GSA Annual Meeting in Denver, Colorado, USA - 2016

Paper No. 114-10
Presentation Time: 10:55 AM

SUBSIDENCE ANALYSIS AND SEDIMENTOLOGY INDICATES A WRENCH BASIN FOR THE WESTERN PORTION OF THE TAOS TROUGH (Invited Presentation)


SWEET, Dustin E., Department of Geosciences, Texas Tech University, MS 1053, Science Building 125, Lubbock, TX 79409, dustin.sweet@ttu.edu

The Taos trough is a late Paleozoic basin that accumulated sediments derived from uplifted Precambrian-cored blocks during the ancestral Rocky Mountain orogenic event. Proposed models of the basin evolution are conflicting. One model suggests that basin subsidence was driven by thrust-loading of the western margin of the basin. Whereas, the other model proposes a wrench basin where the western margin is a strike-slip fault. In the wrench model, basin subsidence is assumed to be driven by block rotation during intrabasinal thrusting coupled with a dip-slip component along the Picuris-Pecos fault.

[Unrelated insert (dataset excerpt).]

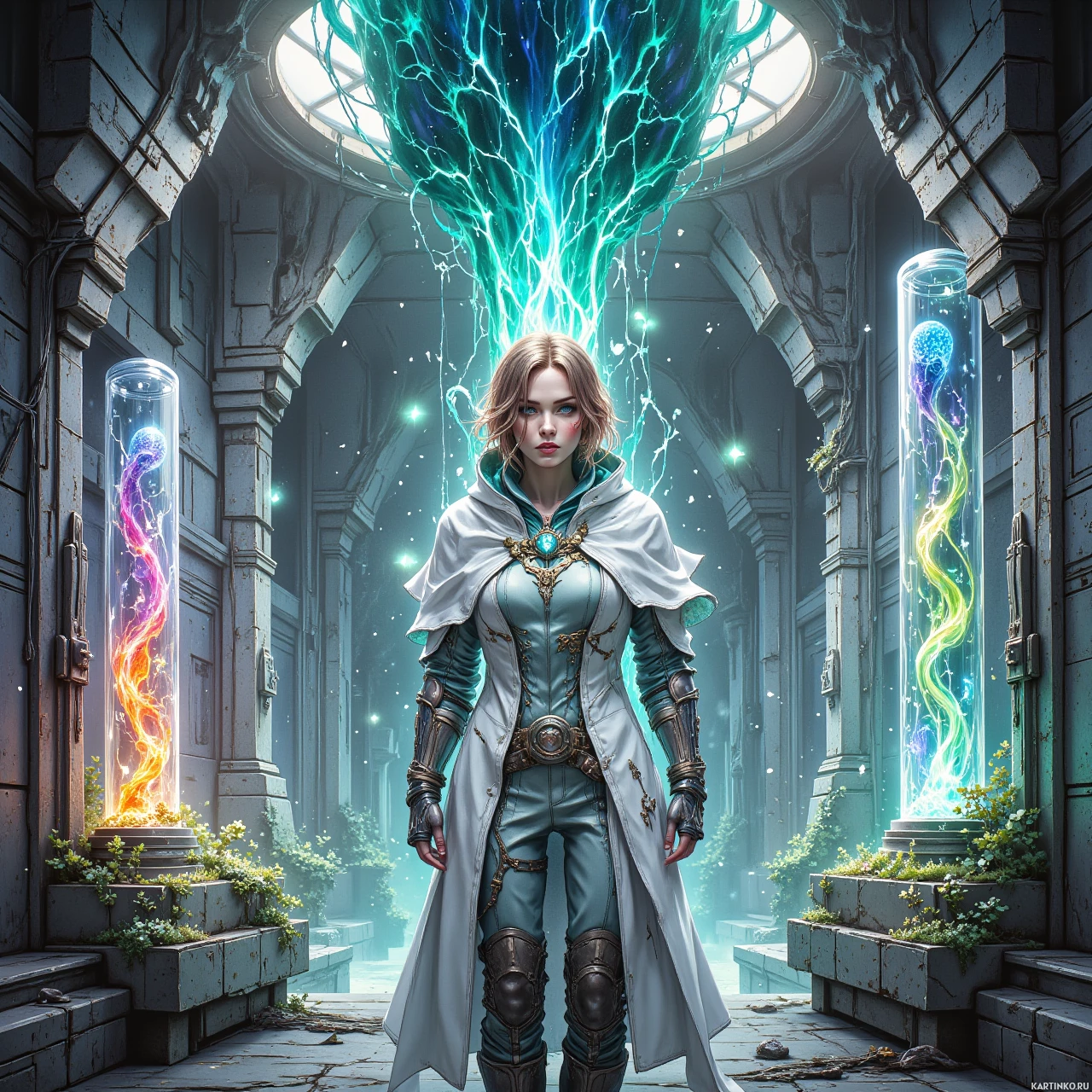 На картинке изображена девушка с светлыми волосами. На ней доспехи и плащ, что намекает на фэнтезийный или научно-фантастический сеттинг. Она стоит в центре того, что похоже на древний или мистический храм, как видно по архитектурным деталям вокруг неё. Сверху исходит светящееся свечение, что добавляет потустороннюю атмосферу сцене. Девушка смотрит на зрителя, позволяя рассмотреть её одежду и выражение лица.

A composite stratigraphic column, compiled from localities in the axis of the Taos trough, was subjected to backstripping to assess the magnitude and duration of subsidence. Using a combination of existing biostratigraphic control and new conodont biostratigraphy, subsidence began in the Early Pennsylvanian, reached the highest rate and magnitude in the Desmoinesian, and then greatly diminished by Late Pennsylvanian. An uptick in subsidence rate and magnitude occurred in the early Permian before essentially ceasing by the end of the Leonardian. Magnitude and duration of subsidence most closely compare to geohistory curves of basins located in strike-slip settings.

Sediment transport indicators in shallow marine facies demonstrate transport directions that range from southwest to northwest. Nonmarine directional transport indicators predominantly align in a southwest direction. This data signals an eastern provenance for the study area. Pennsylvanian strata form a growth syncline adjacent to Laramide-aged thrusts in the Taos trough indicating these thrusts were also active in the Pennsylvanian. Thus, intrabasinal Precambrian-cored thrust blocks are the preferred provenance region rather than the far-field Sierra Grande uplift.

This analysis demonstrates that structural models for the Taos trough must be compatible with strain partitioning that allows north-south dextral strike-slip motion and east-verging thrusts. For the western Taos trough, subsidence analysis and sediment transport indicators are most consistent with the proposed wrench model. However, subsidence for the eastern portion of the Taos trough region may largely have been through thrust loading.